Parameters: pattern_no (int) – Index value that indicates pattern number. Returns: Indices – Indices that correspond to a pattern number. Return type: list

get_single_nan_pattern_nos
()¶ Returns all pattern numbers that contain only single nans.
Returns: Pattern Numbers – All single pattern numbers containing singlenans. Return type: list

remove_pattern
(pattern_no)¶ Removes a certain pattern. Deletes dictionary entry in the pattern index store as well as drops the entry in the results table.
Parameters: pattern_no (int) – Index value that indicates pattern.
Help¶
FAQs¶
Below are some pointers towards the right direction if something breaks. If you encounter any other error please feel free to reach out.
When imputing my estimator raises ValueError: Unknown label type: ‘continuous’
Hint
This might happen, if there is too little information for impyte to correctly distinguish your data type. This error essentially means, you’re handing a continuous data type [i.e. a float] to a classifier which expects a class or discrete value.
To solve this problem, you can set the unique value threshold to a lower value. (standard value is 10 unique instances).
License¶
Copyright 2017 Andreas RubinSchwarz
Permission is hereby granted, free of charge, to any person obtaining a copy of this software and associated documentation files (the “Software”), to deal in the Software without restriction, including without limitation the rights to use, copy, modify, merge, publish, distribute, sublicense, and/or sell copies of the Software, and to permit persons to whom the Software is furnished to do so, subject to the following conditions:
The above copyright notice and this permission notice shall be included in all copies or substantial portions of the Software.

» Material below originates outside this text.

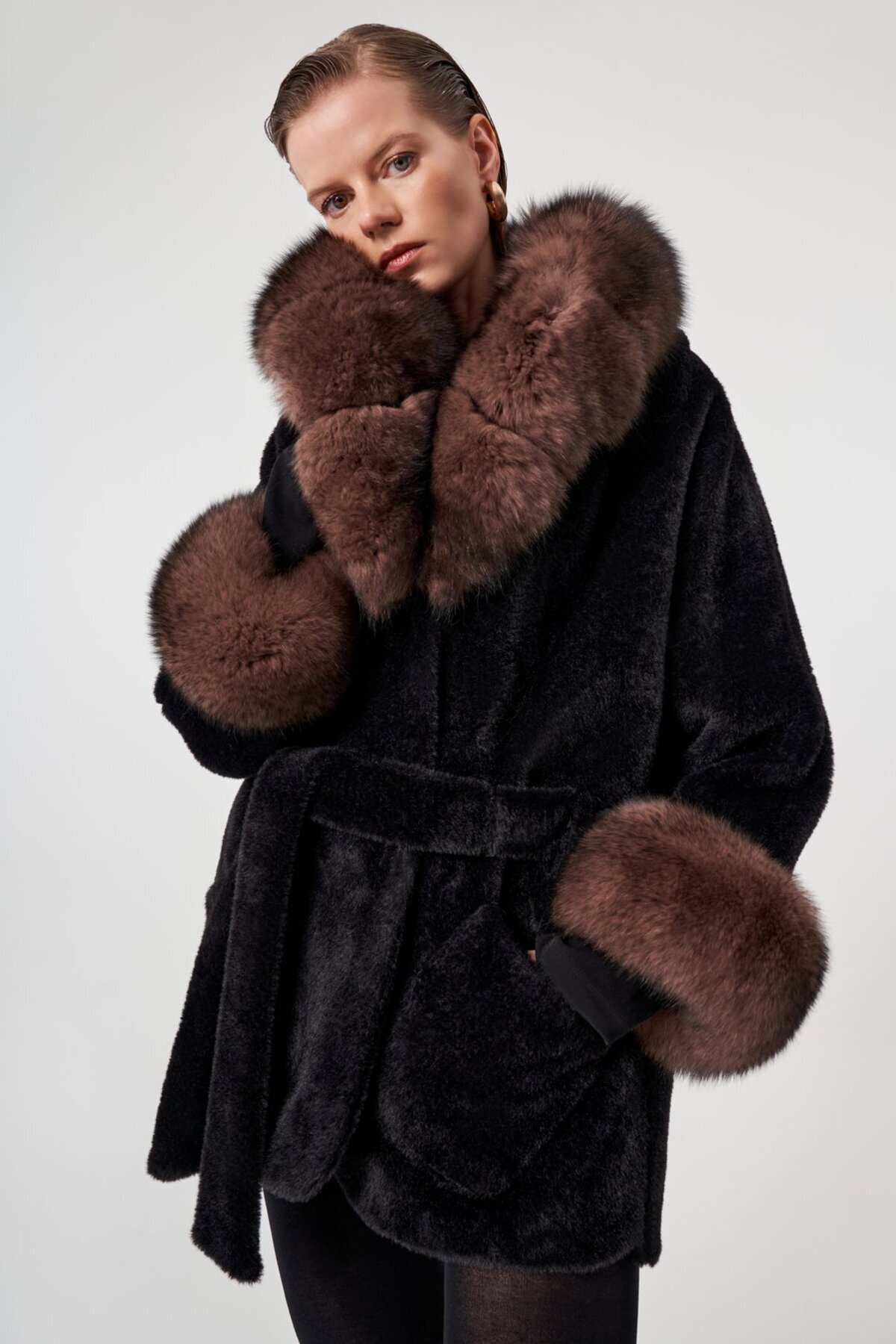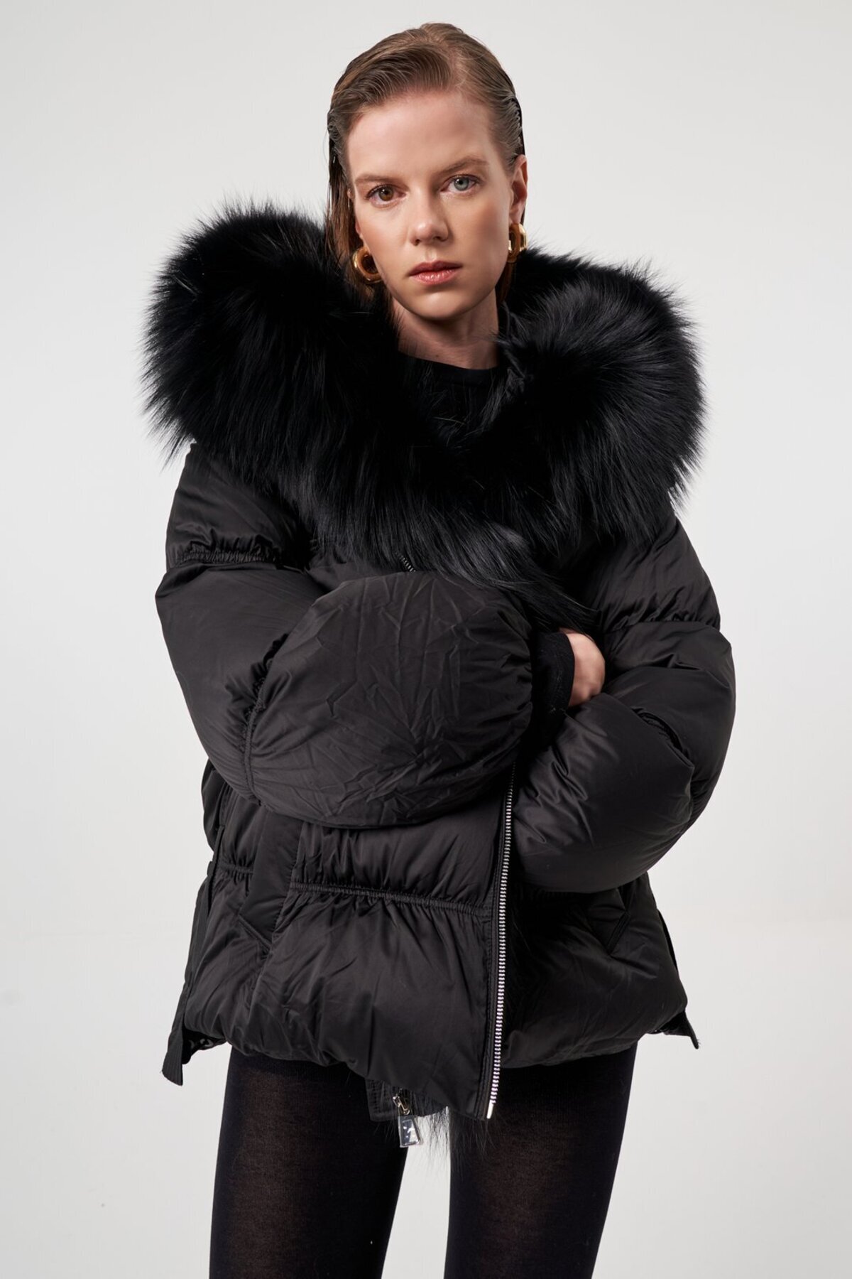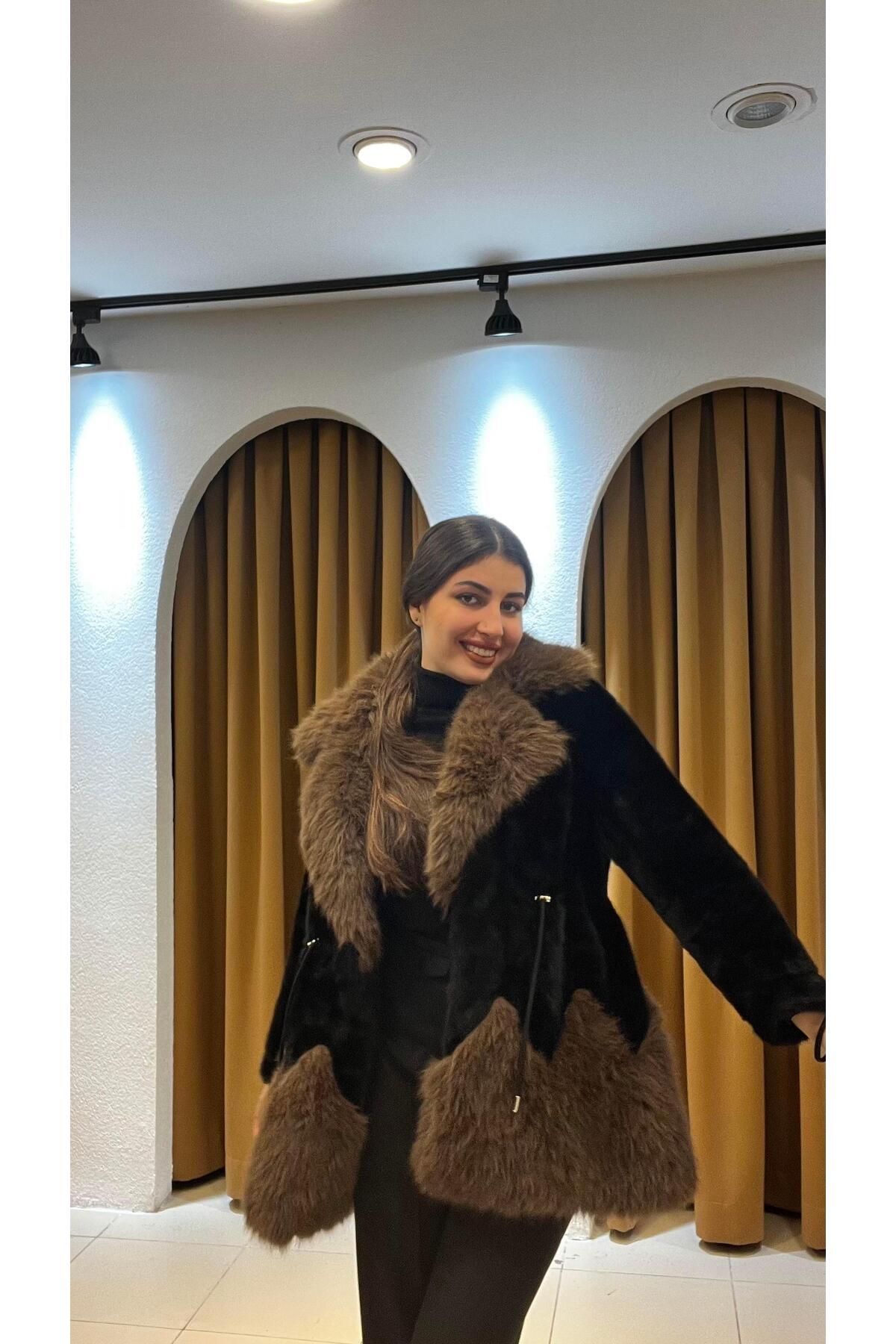Kapüşonlu Kürk Detaylı Kaban Kapüşonlu Kürk Detaylı Kaban K250033759590044 L

THE SOFTWARE IS PROVIDED “AS IS”, WITHOUT WARRANTY OF ANY KIND, EXPRESS OR IMPLIED, INCLUDING BUT NOT LIMITED TO THE WARRANTIES OF MERCHANTABILITY, FITNESS FOR A PARTICULAR PURPOSE AND NONINFRINGEMENT. IN NO EVENT SHALL THE AUTHORS OR COPYRIGHT HOLDERS BE LIABLE FOR ANY CLAIM, DAMAGES OR OTHER LIABILITY, WHETHER IN AN ACTION OF CONTRACT, TORT OR OTHERWISE, ARISING FROM, OUT OF OR IN CONNECTION WITH THE SOFTWARE OR THE USE OR OTHER DEALINGS IN THE SOFTWARE.